Coordinating investigator Professor Keunchil Park, Division of Hematology & Oncology, Samsung Medical Center, Sungkyunkwan University School of Medicine, South Korea commented, “These latest data further demonstrate the potential efficacy of investigational olmutinib for EGFR T790M mutation-positive lung cancer patients. We are building a robust bank of evidence for this compound and look forward to analysing the results of the pivotal Phase II trial.”
The results also indicate that the majority of olmutinib treatment-related adverse events (AEs) were mild-to-moderate with diarrhoea, nausea, rash and skin itching the most common.
Dr Mehdi Shahidi, Medical Head, Solid Tumour Oncology, Boehringer Ingelheim said, “The new analysis at 10 months after completion of enrolment, reaffirms that olmutinib has the potential to effectively treat patients who currently have few therapeutic options. We are committed to delivering the accelerated development of olmutinib through the ambitious ELUXA trial programme and we are looking forward to sharing further results later this year.”
Following promising early clinical data, Boehringer Ingelheim launched the innovative ELUXA Clinical Trial Programme to investigate olmutinib, a novel third-generation, EGFR mutant-specific TKI. The company will comprehensively investigate olmutinib as a monotherapy in different settings as well as in combination with other anti-cancer treatments. In recognition of the need for new treatment options for patients with EGFR T790M mutation-positive lung cancer, the U.S. Food and Drug Administration (FDA) granted olmutinib Breakthrough Therapy Designation in 2015.

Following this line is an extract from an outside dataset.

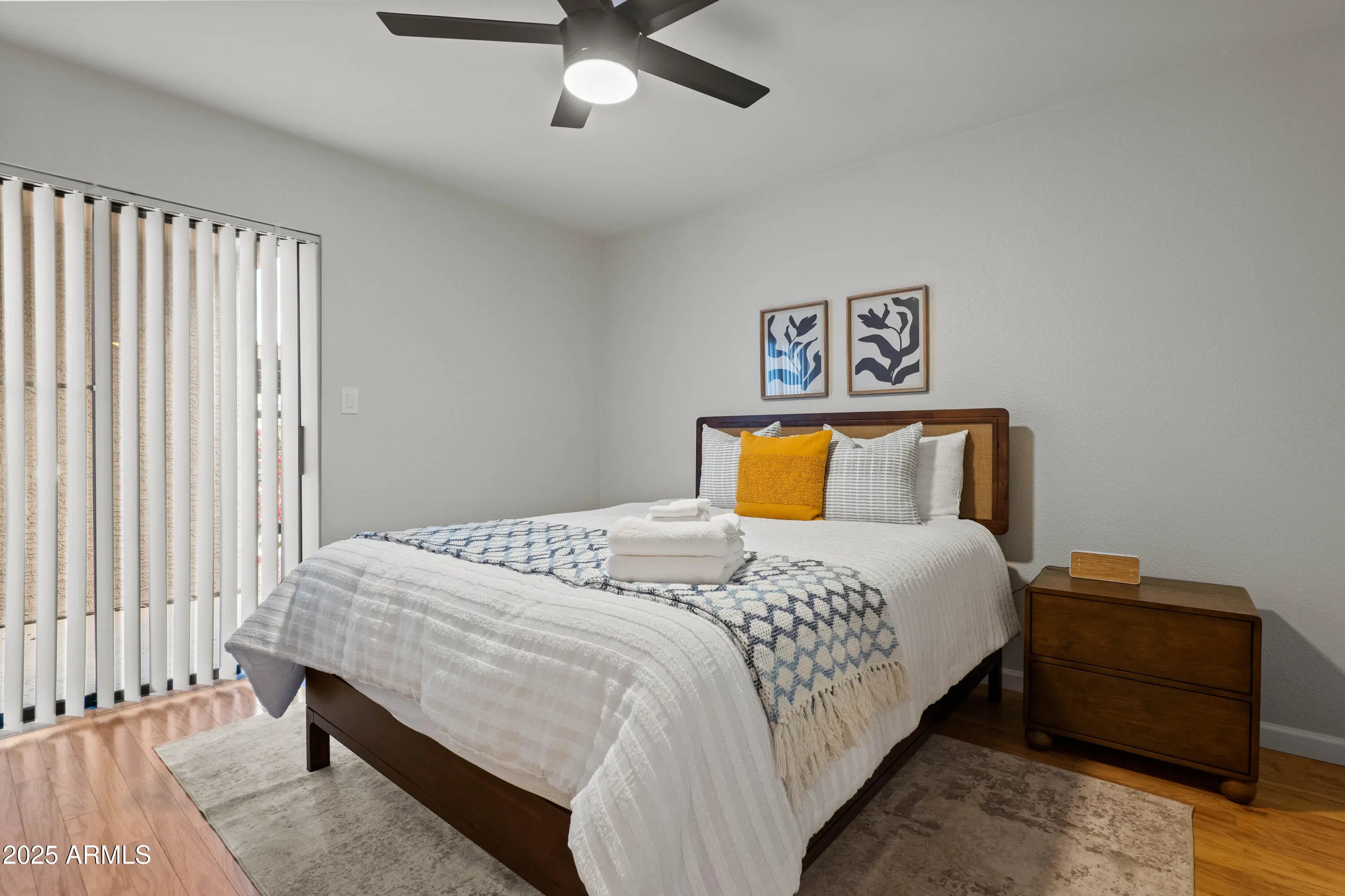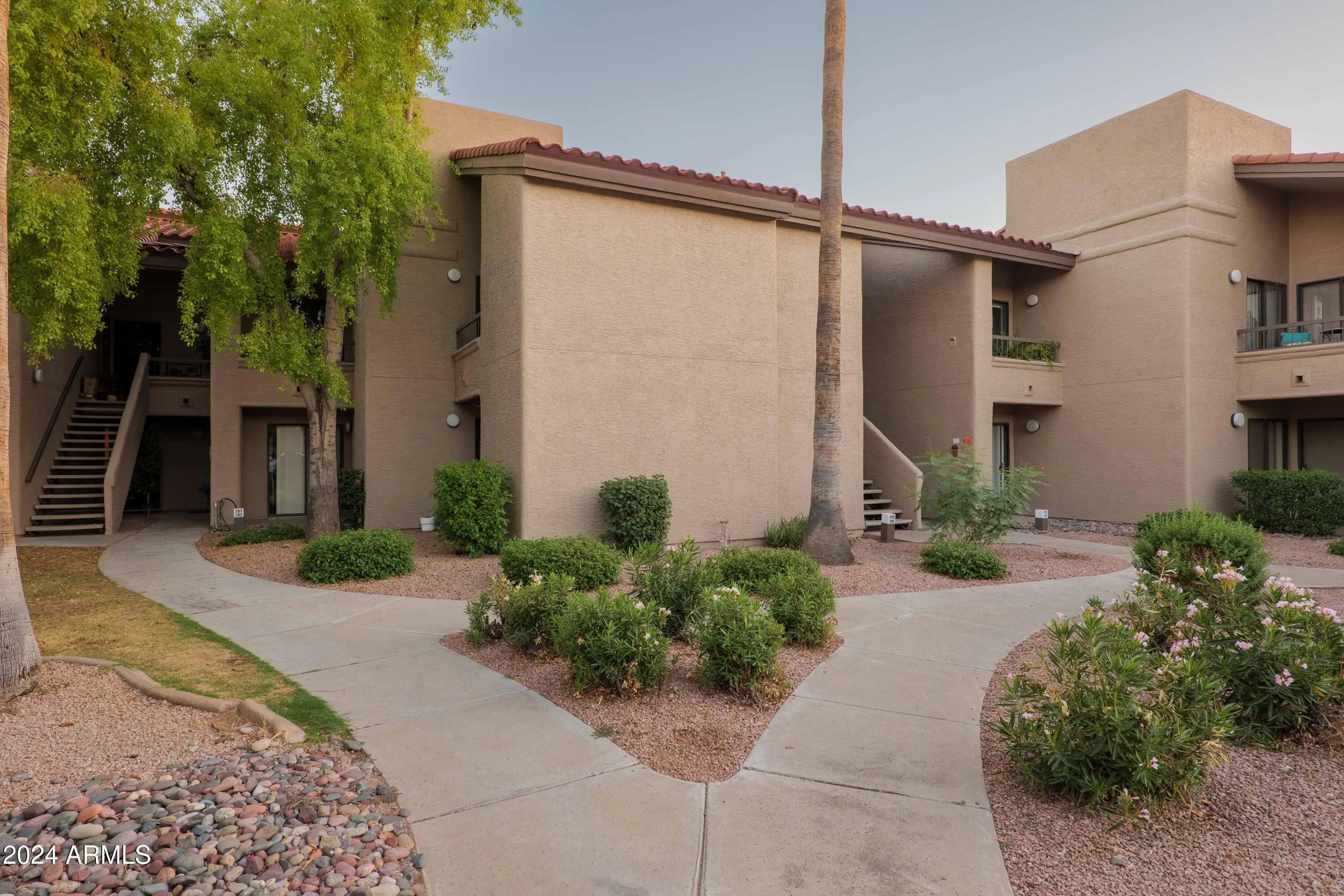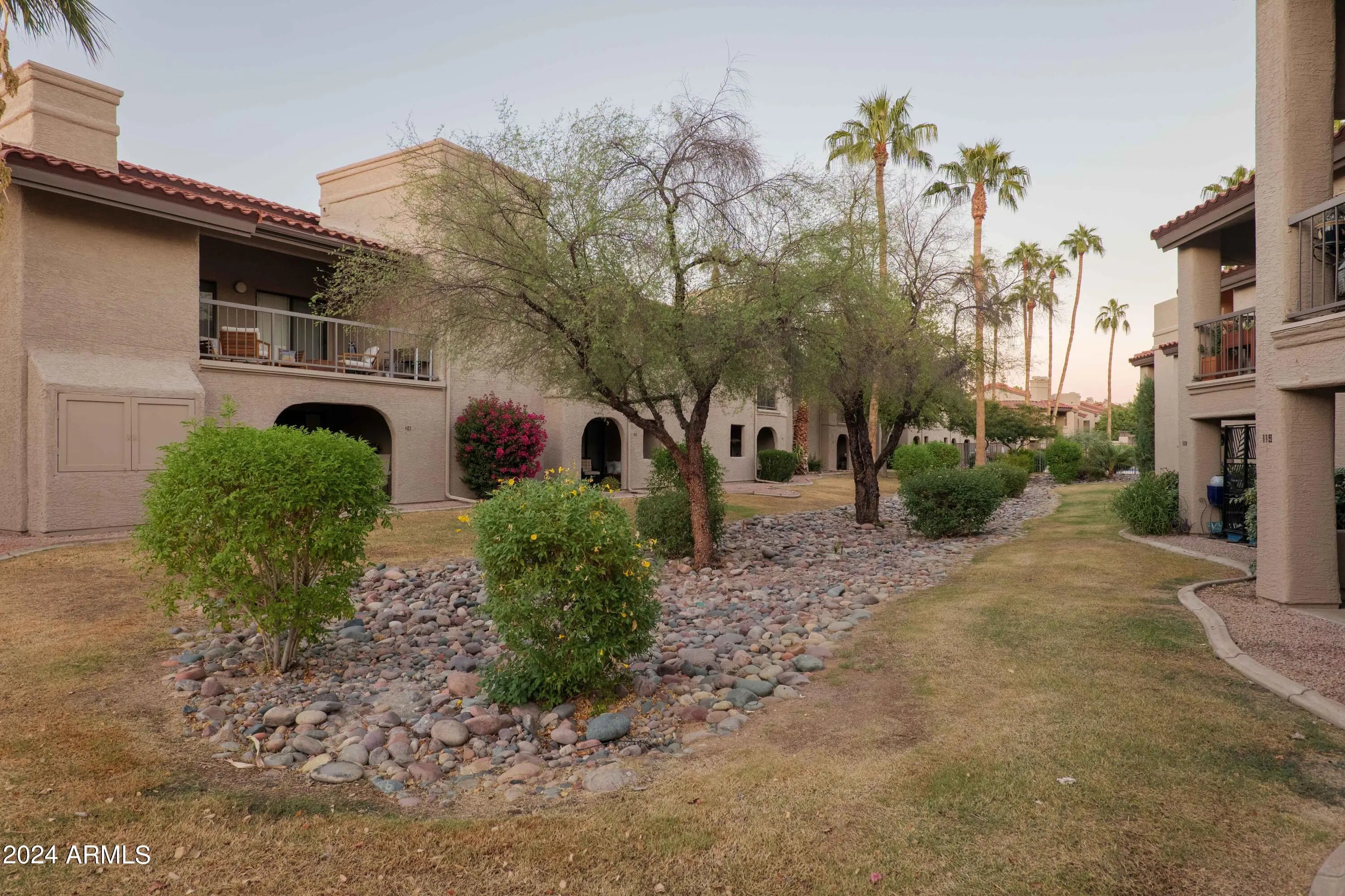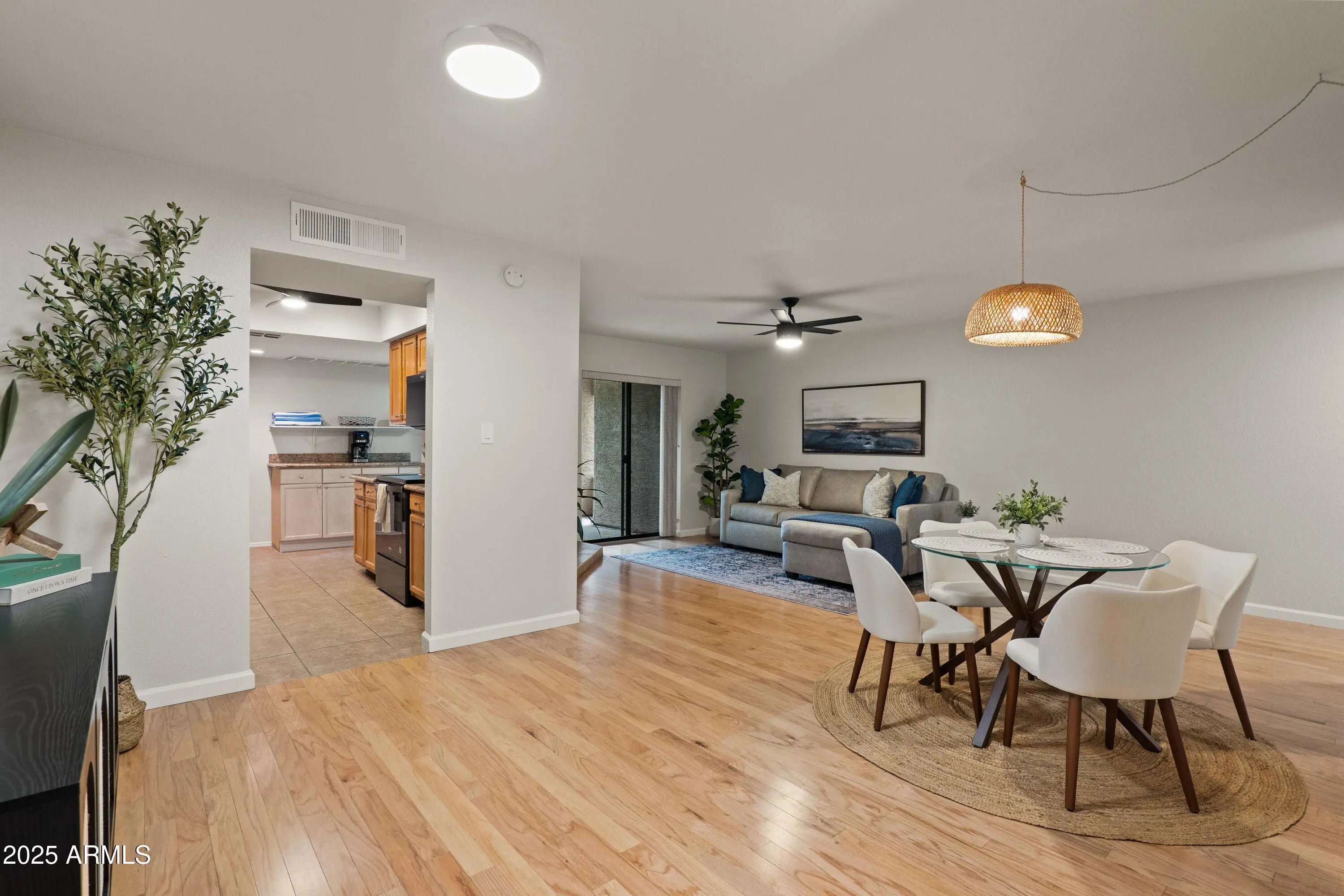 Fabulous ground-level condo in Village Three, a McCormick Ranch Community. Upon entry to this 2 bedroom/2 bath residence, warm hardwood oak flooring welcomes you into the spacious living room, replete with recessed lighting and cozy fireplace, with dining area and one of two great covered patios. The large kitchen features granite counters, wood cabinetry, durable ceramic tile, informal breakfast area and additional patio access. The oak wood flooring continues throughout both bedrooms, and primary bedroom features a large, walk-in closet and bath w/dual sinks. Both bedrooms have large sliding glass doors to the second covered patio and both bathrooms have real wood vanity cabinets. Entire unit has been painted, upgraded with new HVAC, ceiling fans & front-load laundry appliances.

*Olmutinib (BI 1482694) is approved in South Korea for the treatment of EGFR T790M mutation-positive lung cancer. Olmutinib is not approved in other indications and jurisdictions. Trials are ongoing and data will be submitted to other regulatory bodies in due course.
Intended audiences
This press release is issued from our Corporate Headquarters in Ingelheim, Germany and is intended to provide information about our global business. Please be aware that information relating to the approval status and labels of approved products may vary from country to country, and a country-specific press release on this topic may have been issued in the countries where we do business.

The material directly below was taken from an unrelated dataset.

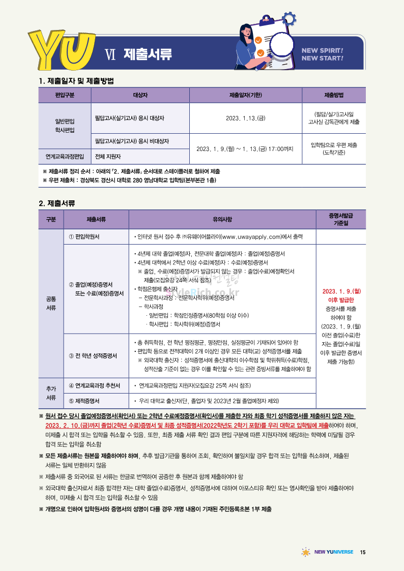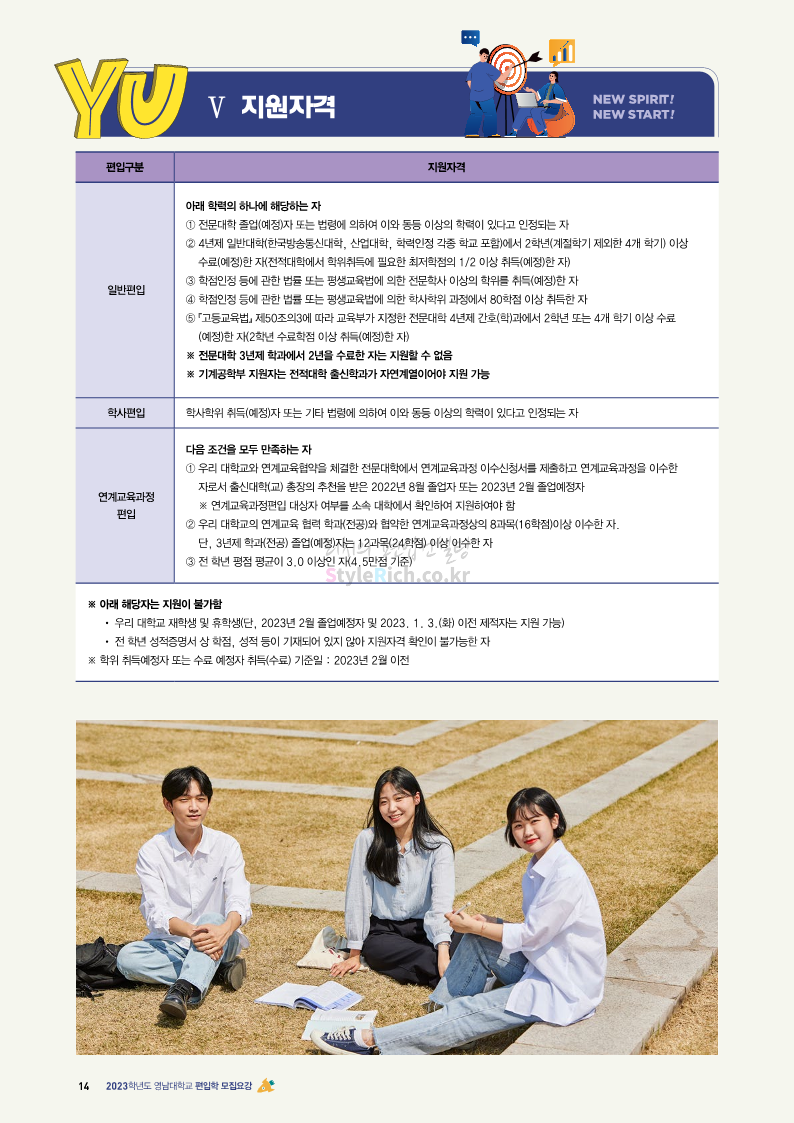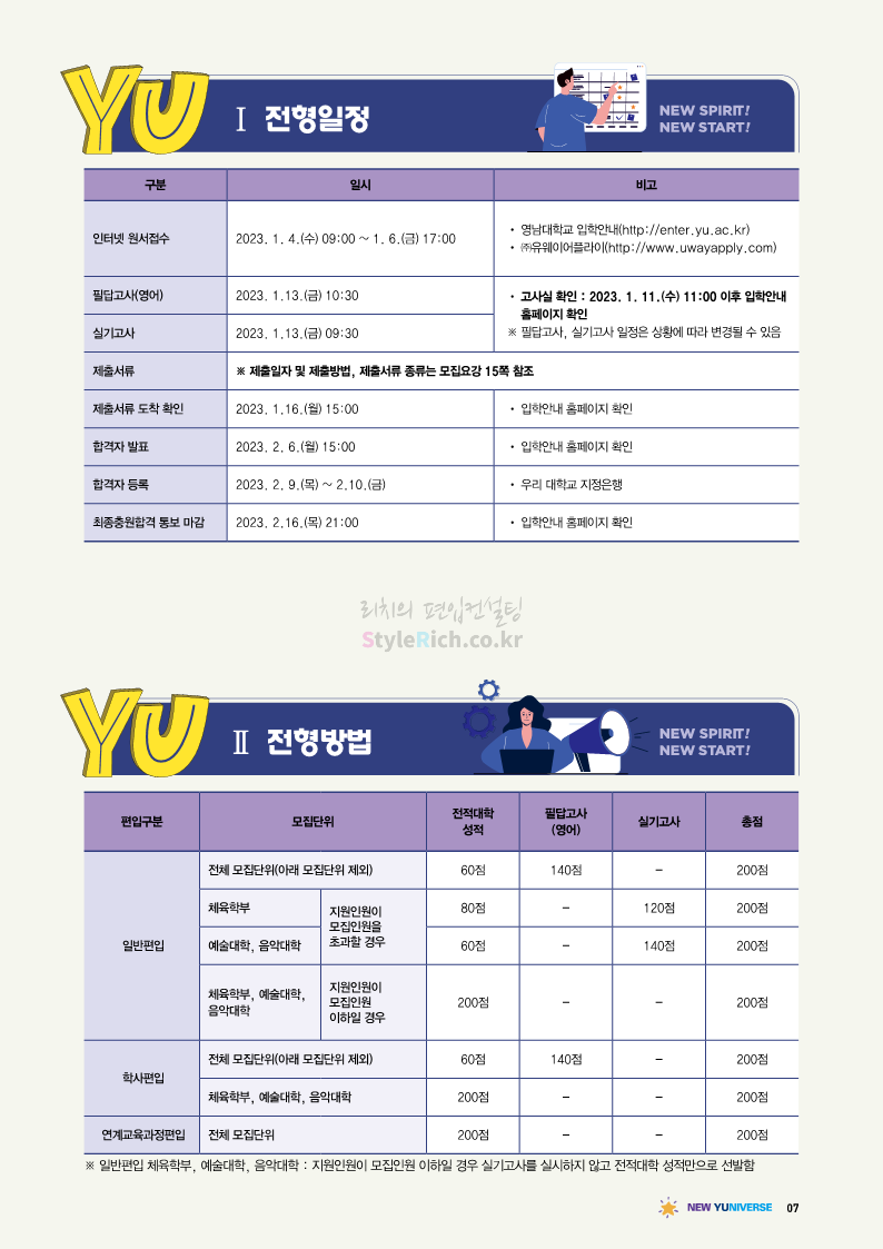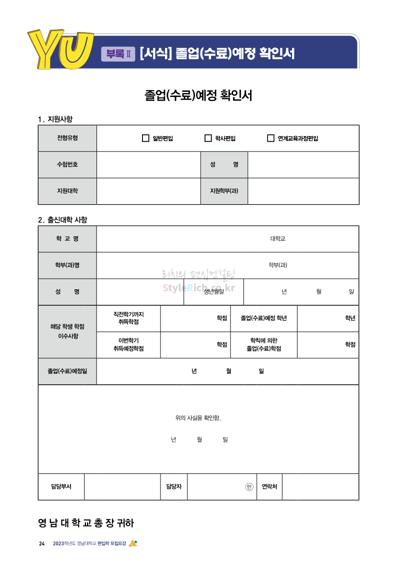 영남대 편입 2023학년도 모집요강 간편하게 보자! 2022.12.06 23:34 편입 모집요강/2023학년도 모집요강 2023학년도 영남대 편입 모집요강(2022.12.06 기준)을 간편하게 확인하세요. * 최종 모집요강 발표 이후에도 내용의 일부가 변경될 수 있으니 지원 전 반드시 영남대 입학처에서 확인 바랍니다. 영남대 편입 최신 모집요강 확인하기 <출처: 영남대> 공유하기 게시글 관리 리치의 편입컨설팅 저작자표시 비영리 변경금지 (새창열림) '편입 모집요강 > 2023학년도 모집요강' 카테고리의 다른 글 동국대 편입 2023학년도 모집요강 간편하게 보자! (0) 2022.12.07 인제대 편입 2023학년도 모집요강 간편하게 보자! (0) 2022.12.06 성균관대 편입 2023학년도 모집요강 간편하게 보자! (0) 2022.12.06 서강대 편입 2023학년도 모집요강 간편하게 보자! (0) 2022.12.06 동덕여대 편입 2023학년도 모집요강 간편하게 보자! (0) 2022.12.06 댓글 공유하기 다른 글 댓글 이 글 공유하기 구독하기 구독하기 카카오톡 카카오톡 라인 라인 트위터 트위터 Facebook Facebook 카카오스토리 카카오스토리 밴드 밴드 네이버 블로그 네이버 블로그 Pocket Pocket Evernote Evernote 다른 글 동국대 편입 2023학년도 모집요강 간편하게 보자! 동국대 편입 2023학년도 모집요강 간편하게 보자! 2022.12.07 인제대 편입 2023학년도 모집요강 간편하게 보자! 인제대 편입 2023학년도 모집요강 간편하게 보자! 2022.12.06 성균관대 편입 2023학년도 모집요강 간편하게 보자! 성균관대 편입 2023학년도 모집요강 간편하게 보자! 2022.12.06 서강대 편입 2023학년도 모집요강 간편하게 보자! 서강대 편입 2023학년도 모집요강 간편하게 보자! 2022.12.06 다른 글 더 둘러보기

For references and notes to editors, please visit: http://www.boehringer-ingelheim.com/press-release/new-data-olmutinib-bi-1482694-presented-asco-2016
-ENDS-
For more information please visit www.boehringer-ingelheim.com
Further Media Channels
www.facebook.com/boehringeringelheim
www.twitter.com/Boehringer
www.youtube.com/user/boehringeringelheim
Contacts
Boehringer Ingelheim
Corporate Communications
Media + PR
Reinhard Malin
Phone: +49 (6132) 77-90815
Fax: +49 6132 – 77 6601
Email: press@boehringer-ingelheim.com
Permalink: http://www.me-newswire.net/news/18105/en
Promising efficacy and safety profile of olmutinib* (BI 1482694) is reaffirmed by further clinical data presented at ASCO 2016 annual meeting
Olmutinib is in accelerated development, with the now fully recruited pivotal Phase II ELUXA 1 trial ongoing and two Phase III trials initiating soon
(BUSINESS WIRE)-- Boehringer Ingelheim will announce updated results from the Phase II part of the HM-EMSI-101 [NCT01588145] trial at the Annual Meeting of the American Society of Clinical Oncology (ASCO) in Chicago, U.S. The study investigates the safety and efficacy of investigational olmutinib* (BI 1482694), a novel third-generation epidermal growth factor receptor (EGFR) mutation-specific tyrosine kinase inhibitor (TKI) at the recommended dose of 800 mg once daily, in patients with EGFR T790M mutation-positive non-small cell lung cancer (NSCLC), who developed resistance to initial EGFR TKI therapy. Over half of patients (54%; n=38) had confirmed objective response by independent review, with a median duration of response of 8.3 months. These data validate previous top-line trial results presented at the European Society for Medical Oncology (ESMO) Asia Congress in December 2015.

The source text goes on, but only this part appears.